Step 1: Exposing Application Internals
Stop relying on port 80 checks. You need to know how Nginx is handling the connection pool. If you are running a high-traffic site, you must enable the stub_status module. This is lightweight and provides real-time data on active connections.
In your /etc/nginx/sites-available/default (or specific vhost), add this inside your server block. Note the security restriction—metrics should never be public.
location /nginx_status {
stub_status on;
access_log off;
allow 127.0.0.1;
# Allow your monitoring server IP
allow 192.168.1.50;
deny all;
}
Reload Nginx: service nginx reload. Now, a simple curl gives you raw data:
$ curl http://127.0.0.1/nginx_status
Active connections: 243
server accepts handled requests
11562 11562 34920
Reading: 0 Writing: 7 Waiting: 236
If "Waiting" is high but CPU usage is low, your application backend (PHP-FPM) is likely the bottleneck, not the web server. Nagios would show this as "OK". This metric shows you the truth.

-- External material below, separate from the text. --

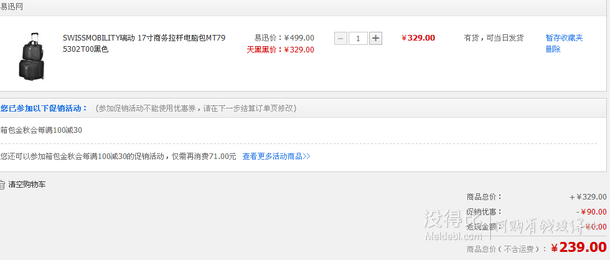 易迅網(wǎng)天黑黑降到329元,可參加箱包每滿100-30元的優(yōu)惠活動(dòng),下單立減90元,實(shí)付239元到手,單買近期低價(jià)了,同款蘇寧第三方還要459元。

Step 2: The Database Reality Check
MySQL is often the silent killer of performance. A "process running" check tells you nothing about lock contention. In 2014, we are seeing massive IO wait times on spinning rust (standard HDDs) caused by unoptimized queries.
On CoolVDS SSD instances, IOPS are plentiful, but bad queries can still stall the CPU. Configure your my.cnf to catch the queries that take longer than 1 second. This is the first step to introspection.
[mysqld]
# Enable the slow query log
slow_query_log = 1
slow_query_log_file = /var/log/mysql/mysql-slow.log
long_query_time = 1
# Log queries not using indexes
log-queries-not-using-indexes = 1
Analyze this log weekly with mysqldumpslow. It allows you to fix code, rather than just throwing more RAM at the problem.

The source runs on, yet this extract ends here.